- **How to complete this task**
Pictures aside, write out every record exactly as it appears.

Start of Block

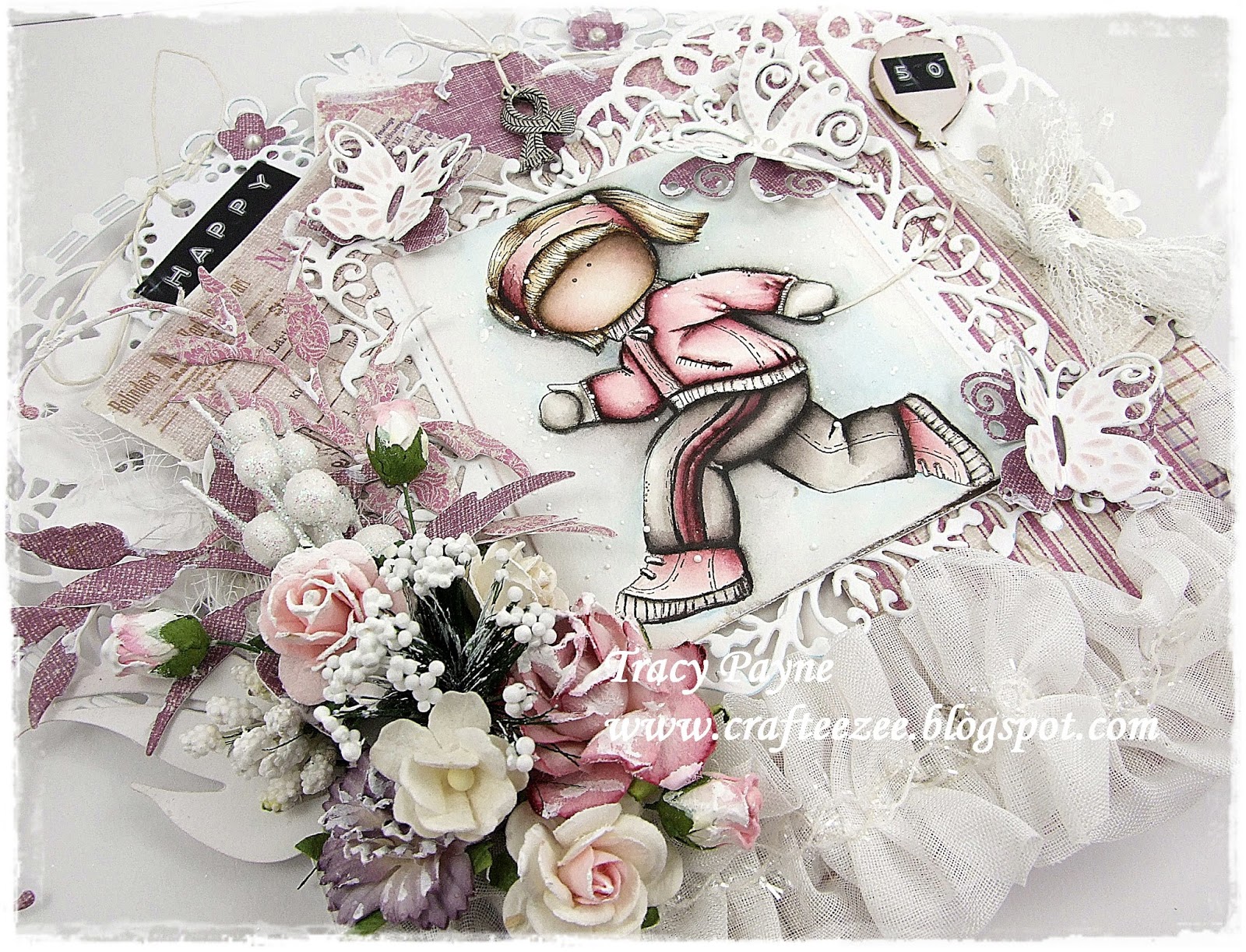 I had to make a birthday card for my niece but she's a plain Jane girl and I find these plain cards difficult but I thought the lollipop card would suit the bill. I placed a prima cupcake in the centre as Claire loves cupcakes so this was actually the perfect card for her :)
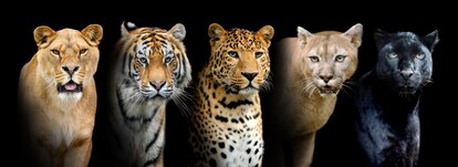 4段目:アビシニアジャッカル(C. simensis)、アフリカンゴールデンウルフ(C. lupaster) Credit: Chris Muiden, Tobycat, Tim Ross, Michael Runtz, Justin Johnsen, Davidvraju, Charles J. Sharp, Profberger
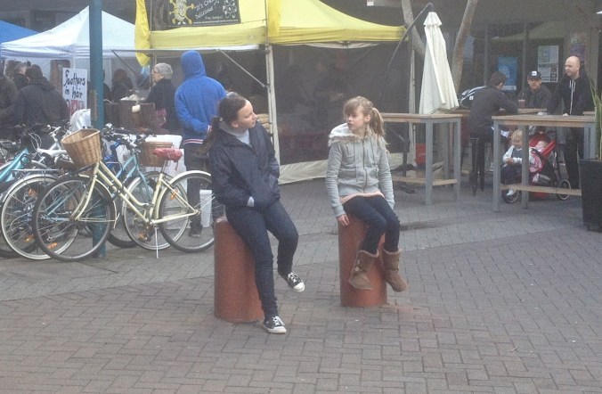 After a few hours of archery, what more fun can you have than hanging out on the pedestrian mall in downtown Manly? This is MBD and her good friend Lily chatting about things. The picture is grainy due to the iPhone camera, not due to weather. But it kind of looks like a foggy day and a bit romantic so I thought I’d keep it rather than discard it. Surf was high today (see the header picture posted above on 22-June) and even though it’s cold outside there were lots of people in wet suits enjoying the waves. The four of us enjoyed fish and chips (indoors, not outside today!) We are getting over our colds and feeling better after a rough week back!
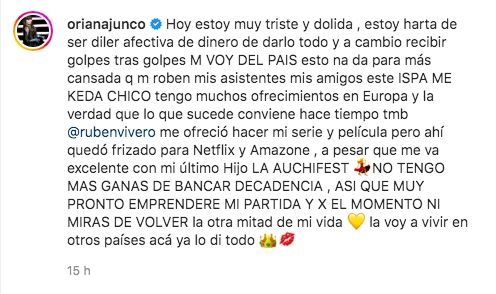 "Hoy estoy muy triste y dolida, estoy harta de ser dealer afectiva de dinero, de darlo todo y a cambio recibir golpes tras golpes. ME VOY DEL PAIS, esto no da para más", comenzó expresando la actriz en su cuenta de Instagram. "Cansada de que me roben mis asistentes, mis amigos. Este ISPA ME KEDA CHICO (sic)", agregó furiosa.
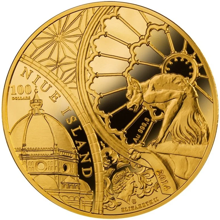 Left: Florence's Basilica of Saint Mary of the Flower dome. Right: Rosette and mascaron from Notre Dame Cathedral. Below: Profile of Queen Elizabeth II.

End of Block

- **Written response**
 I had to make a birthday card for my niece but she's a plain Jane girl and I find these plain cards difficult but I thought the lollipop card would suit the bill. I placed a prima cupcake in the centre as Claire loves cupcakes so this was actually the perfect card for her :)
 4段目:アビシニアジャッカル(C. simensis)、アフリカンゴールデンウルフ(C. lupaster) Credit: Chris Muiden, Tobycat, Tim Ross, Michael Runtz, Justin Johnsen, Davidvraju, Charles J. Sharp, Profberger
 After a few hours of archery, what more fun can you have than hanging out on the pedestrian mall in downtown Manly? This is MBD and her good friend Lily chatting about things. The picture is grainy due to the iPhone camera, not due to weather. But it kind of looks like a foggy day and a bit romantic so I thought I’d keep it rather than discard it. Surf was high today (see the header picture posted above on 22-June) and even though it’s cold outside there were lots of people in wet suits enjoying the waves. The four of us enjoyed fish and chips (indoors, not outside today!) We are getting over our colds and feeling better after a rough week back!
 "Hoy estoy muy triste y dolida, estoy harta de ser dealer afectiva de dinero, de darlo todo y a cambio recibir golpes tras golpes. ME VOY DEL PAIS, esto no da para más", comenzó expresando la actriz en su cuenta de Instagram. "Cansada de que me roben mis asistentes, mis amigos. Este ISPA ME KEDA CHICO (sic)", agregó furiosa.
 Left: Florence's Basilica of Saint Mary of the Flower dome. Right: Rosette and mascaron from Notre Dame Cathedral. Below: Profile of Queen Elizabeth II.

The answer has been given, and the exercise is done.